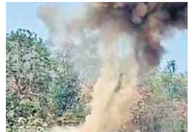
Black smoke rising from defused IED allegedly being planted by Maoist

Security forces defused a 5kg improvised explosive device (IED), allegedly planted by Maoists in the Sukma district of Chhattisgarh, bordering the Bhadradi Kothagudem district. The alertness of the security forces averted a major disaster. On the Kunta-Golapalli road, the police discovered and defused a 5 kg IED bomb. Maoists had allegedly planted the bomb targeting the security forces on the Kunta-Golapalli road in Sukma district. However, the CRPF 228 Battalion and district police responded promptly, identified the bomb, and defused it at the site. After the incident, the police launched an extensive combing opera-
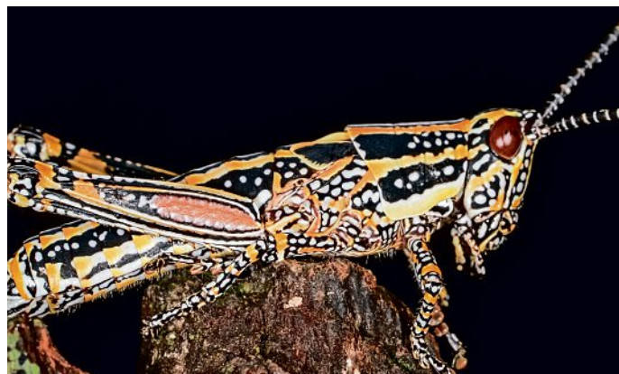
Fig. 2. Juvenile elegant grasshopper ( Z. elegans ).

In pyrrolizidine alkaloids [2,3] (Fig. 3), the nitrogen-heterocycle is bicyclic as exemplified by the alkaloids heliotrine and senecionine (Fig. 3), both of which are ingested by Z. elegans . It is not by accident that Z. elegans encounters plants containing these alkaloids. These insects can detect toxins up to several metres away. One study describes Z. elegans as ‘eagerly’ trying to reach host plants,
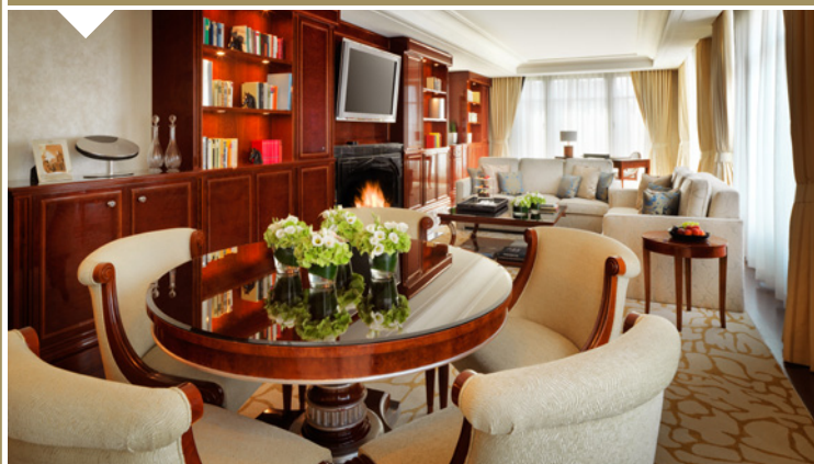
2 PRESIDENTIAL SUITES (172 – 222 sqm)
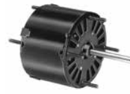
FIG. D D202, D203, D206, D210, D216
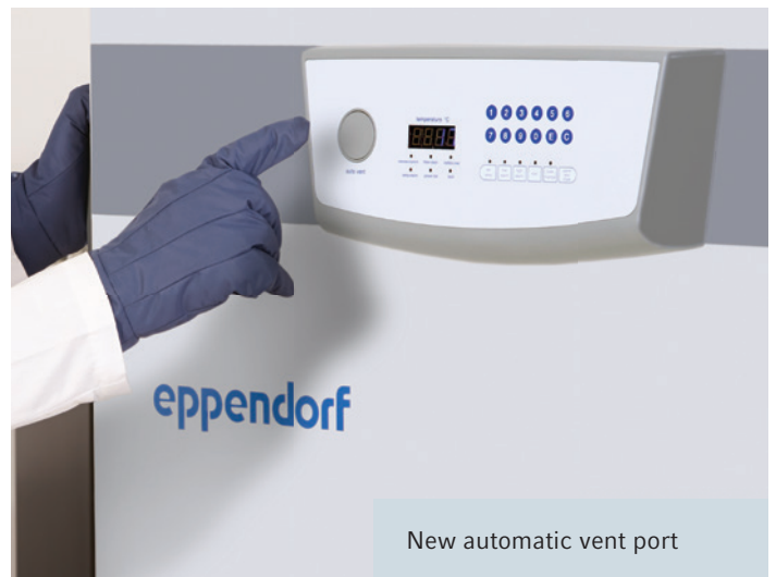
New automatic vent port
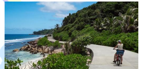
Cycle around La Digue
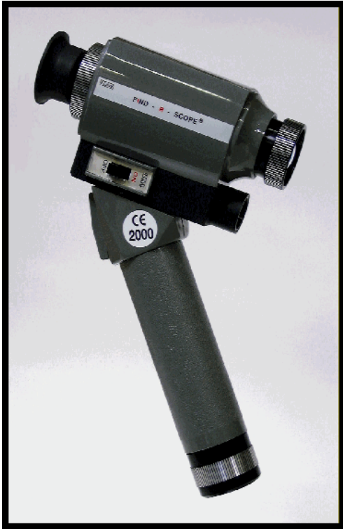
Figure 1: FIND-R-SCOPE with LED illumination
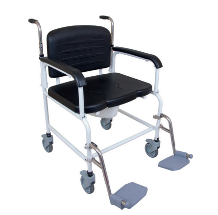
SHOWER COMMODE CHAIR

This perching stool has a reinforced framework in heavier gauge steel to cater for users of up to 318kg / 50st. It comes with fixed back and vinyl upholstery as standard.
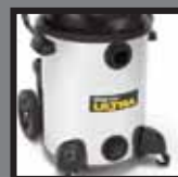
Rugged stainless steel tank
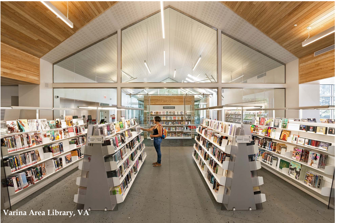
Varina Area Library, VA

******

Reproduce the listing above exactly, but skip the pictures.

Black smoke rising from defused IED allegedly being planted by Maoist

Security forces defused a 5kg improvised explosive device (IED), allegedly planted by Maoists in the Sukma district of Chhattisgarh, bordering the Bhadradi Kothagudem district. The alertness of the security forces averted a major disaster. On the Kunta-Golapalli road, the police discovered and defused a 5 kg IED bomb. Maoists had allegedly planted the bomb targeting the security forces on the Kunta-Golapalli road in Sukma district. However, the CRPF 228 Battalion and district police responded promptly, identified the bomb, and defused it at the site. After the incident, the police launched an extensive combing opera-
Fig. 2. Juvenile elegant grasshopper ( Z. elegans ).

In pyrrolizidine alkaloids [2,3] (Fig. 3), the nitrogen-heterocycle is bicyclic as exemplified by the alkaloids heliotrine and senecionine (Fig. 3), both of which are ingested by Z. elegans . It is not by accident that Z. elegans encounters plants containing these alkaloids. These insects can detect toxins up to several metres away. One study describes Z. elegans as ‘eagerly’ trying to reach host plants,
2 PRESIDENTIAL SUITES (172 – 222 sqm)
FIG. D D202, D203, D206, D210, D216
New automatic vent port
Cycle around La Digue
Figure 1: FIND-R-SCOPE with LED illumination
SHOWER COMMODE CHAIR

This perching stool has a reinforced framework in heavier gauge steel to cater for users of up to 318kg / 50st. It comes with fixed back and vinyl upholstery as standard.
Rugged stainless steel tank
Varina Area Library, VA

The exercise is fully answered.